Friday, 5 July 2019

Scientists 'Thunderstruck' As Arctic Fox Makes Stunning 2,100-Mile Journey in Just 76 Days




A baby Arctic fox with a dark-bluish coat recently made an epic journey on its own, trekking 2,179 miles (3,506 kilometers) in 76 days, crossing stretches of dynamic sea ice and glaciers.

The young female left the Svalbard Archipelago in Norway on March 26, 2018, reaching Greenland 21 days later while searching for food, according to news reports on the case. Then, on June 6, the fox left Greenland, reaching Ellesmere Island in Nunavut, Canada, on June 10, completing one of the longest tracked journeys for an Arctic fox (Vulpes lagopus), according to a research paper describing the feat, published online June 24 in the journal Polar Research.

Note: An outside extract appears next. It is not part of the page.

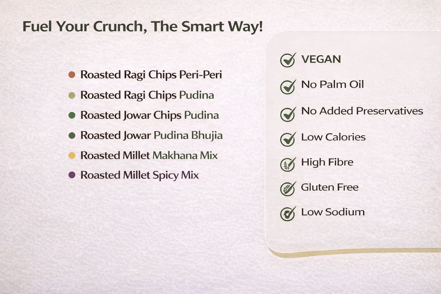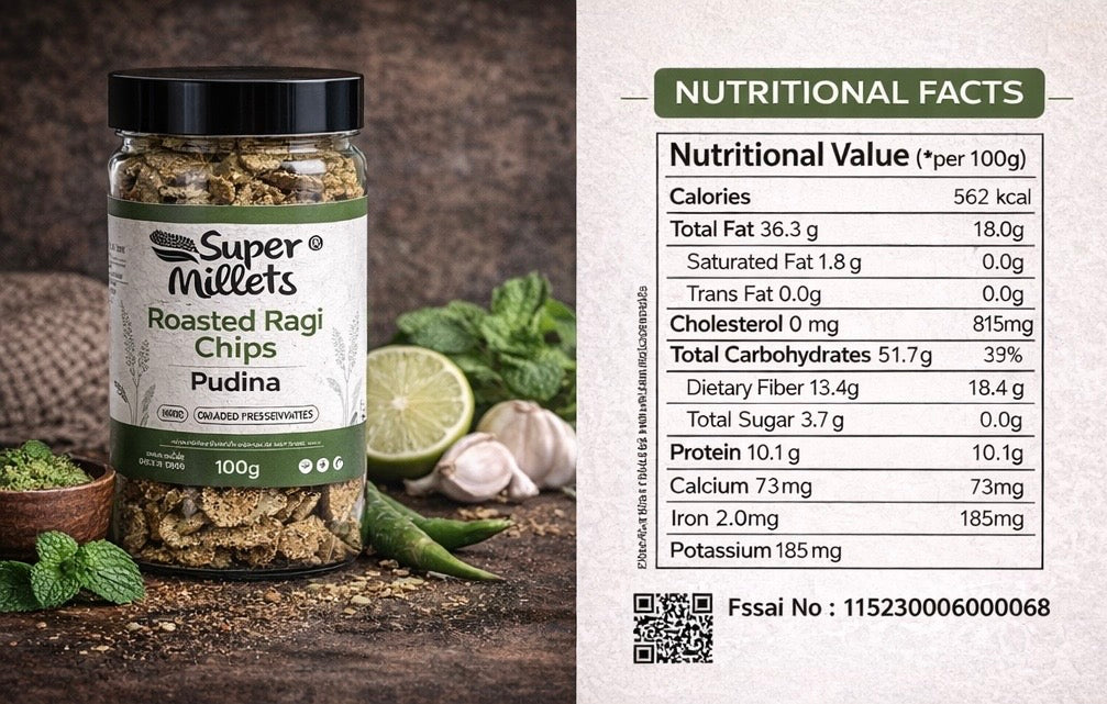 Fresh, crunchy, and seriously chatpata, Roasted Ragi Chips – Pudina bring together the goodness of ragi with the cool kick of minty pudina. Roasted to perfection, these millet chips are vegan, low-calorie, made with no palm oil and no added preservatives. Every bite delivers a refreshing burst of flavour that feels light yet satisfying. Ideal for anytime snacking, work-from-home munching, or guilt-free binge sessions, these pudina ragi chips prove that healthy snacks can be cool, desi, and totally Gen-Z approved.

And the little one wasn't wasting any time, crossing the treacherous scape at a clip of 28.8 miles per day (46.3 km per day) on average and reaching a top speed of 96.3 miles per day (155 km per day) on the ice sheet in northern Greenland, according to the researchers. "This is the fastest movement rate recorded for this species," the scientists, Eva Fuglei, of the Norwegian Polar Institute, and Arnaud Tarroux, of the Norwegian Institute for Nature Research, wrote in the paper. [The 10 Most Incredible Animal Journeys]

"We couldn't believe our eyes at first. We thought perhaps it was dead or had been carried there on a boat, but there were no boats in the area. We were quite thunderstruck," Fuglei told NRK, the Norwegian government's public broadcasting company, as translated by BBC News.